With nearly $5 trillion in daily trades, the foreign exchange, or Forex, is the largest financial market in the world. It is bustling with activity 24 hours per day, and the fierce schedule can be difficult to master without a competitive edge. The best way to gain an advantage while trading on the forex market is to use all of the tools available to you, and two of the most powerful tools you can employ are news releases and market sentiment.
Forex Market Movement
Nearly all of the movement in the Forex market is based on the changing economic conditions and sentiment in the various nations of the world. Although it is impossible to predict whether a currency will rise or fall in value with 100 percent certainty, the chances of a successful forecast can be increased by watching for indicators in the news. The top forex traders pay close attention to international news releases, especially those pertaining to financial or economic matters. Events that are reported in the mass media can profoundly affect the forex market and currency prices because the news alters the financial sentiment in consumer, commercial, industrial and government sectors.
Examples of news releases that can cause reactions in the market include reports on a nation’s gross domestic product (GDP), changes in interest rates, political changes and payroll reports. However, the news that is the most valuable to forex traders covers surprise situations or events that contradict popular expectations.
Hedging With News Releases
Even though news releases may contain obvious indicators about how currency values will move on the forex market, it is still very difficult to determine just how much a particular currency will rise or fall. Because of this, many experienced forex traders will hedge their investments upon the release of significant news items. To hedge your trades, it is first necessary to determine the likelihood that a currency will rise or fall in value against another. The majority of your investment will be riding on the most likely position, but some funds are held in reserve for movement in the opposite direction. As a news story develops more fully in the future, trades can be adjusted in order to maximize profit.
News Releases to Watch
The primary types of news releases to watch are those that report the latest statistics on the changing economy. In the United States, one of the most significant news releases is the non-farm payroll report, but the following others also contain valuable indicators for the forex market:
• Gross domestic product – The GDP is, arguably, the most important indicator on the state of a country’s economy.
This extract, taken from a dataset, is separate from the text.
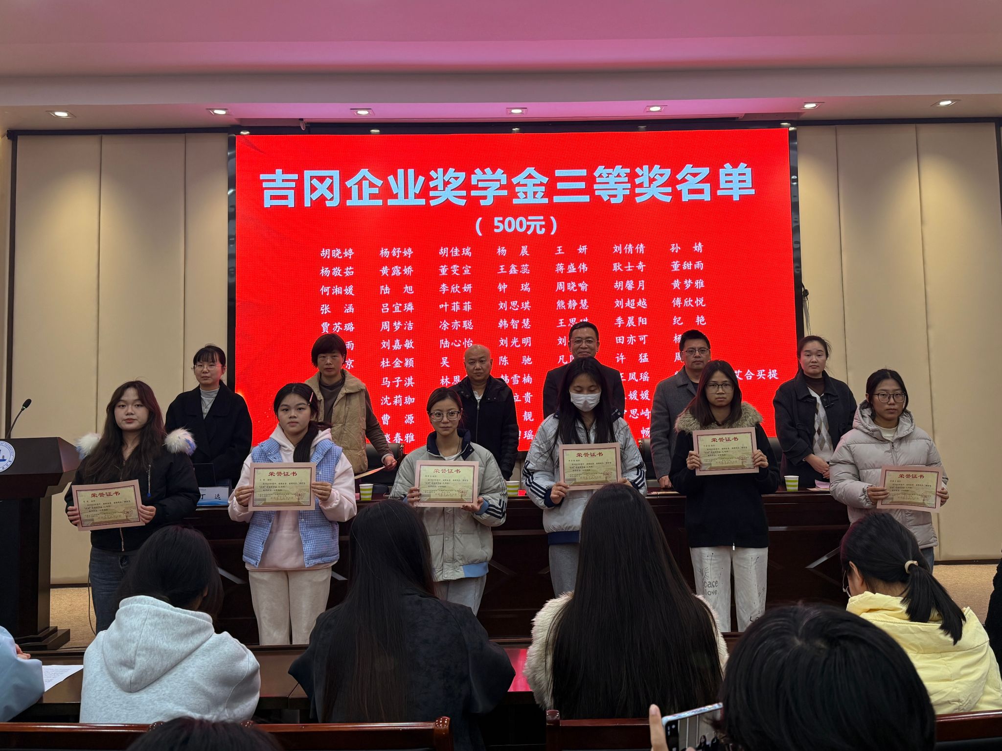 仪式伊始,吴乃鑫发表欢迎辞,对长期以来关心支持学校及学院人才培养工作的吉冈公司表示诚挚感谢,对获奖同学表示热烈祝贺。徐悦宣读表彰决定,全校共128名来自不同专业的优秀学子获奖,号召学子们以受表彰同学为榜样,积极向上、刻苦学习。随后,与会领导及企业嘉宾为获奖学生依次颁奖。文旅学院智旅24321班张凤妍同学作为获奖学生代表发言,分享了自己的学习心得与实践经历,表示将牢记学校与企业的殷切期望,珍惜荣誉、心怀感恩,努力成长为能服务地方产业发展的高素质技术技能人才。

• Interest rates – The prime lending rate set by a country’s central banking system directly affects the value of its currency.
• Unemployment – It is extremely rare for currency values to remain unchanged following the official release of unemployment rates.
• Inflation – Low inflation is an indicator of a strong, valuable currency while high inflation is an economic warning sign.
What Is Market Sentiment?
After the gold standard was abandoned in the 20th century, the value of currency has rested solely on the beliefs of those who earn, trade and spend it, which means that overall market sentiment can be a great tool for predicting currency changes. Although using sentiment indicators in the forex is a fairly new strategy, it is quickly becoming a standard analytical method.
Forex sentiment is a measure of how traders feel about their investments and the market in general. When the prevailing attitude of traders and analysts concerning a particular currency, trade or investment product are positive, sentiment rises, and when the collective attitude is negative, sentiment falls. A large part of sentiment derives from the volume of trading that is occurring during a given timeframe. An influx in buying means that sentiment has improved while dumping a currency shows that sentiment has deteriorated.
Many forex brokers make it easy to determine and use market sentiment by providing sentiment indicators, which come in the form of charts displaying the quantity of trades made and positions taken on specific currency pairs. When the rate of long trades versus short trades is at its highest, these indicators can help you decide on how to make the most profitable investments in the market.
When sentiment indicators are at their most extreme, this signals traders to pay close attention to a currency and watch for other signs of continued movement or reversal. In this way, those who use sentiment indicators have a head start on those who do not. However, it is important to understand that a level of sentiment considered extreme for one currency pair may be much higher or lower than that for another pair.
Several different sentiment indicators are available to forex traders. One of the most popular is the Speculative Sentiment Index (SSI), and another is the Commitment of Traders (COT) report, which is issued each week by the U.S. Commodity Futures Trading Commission.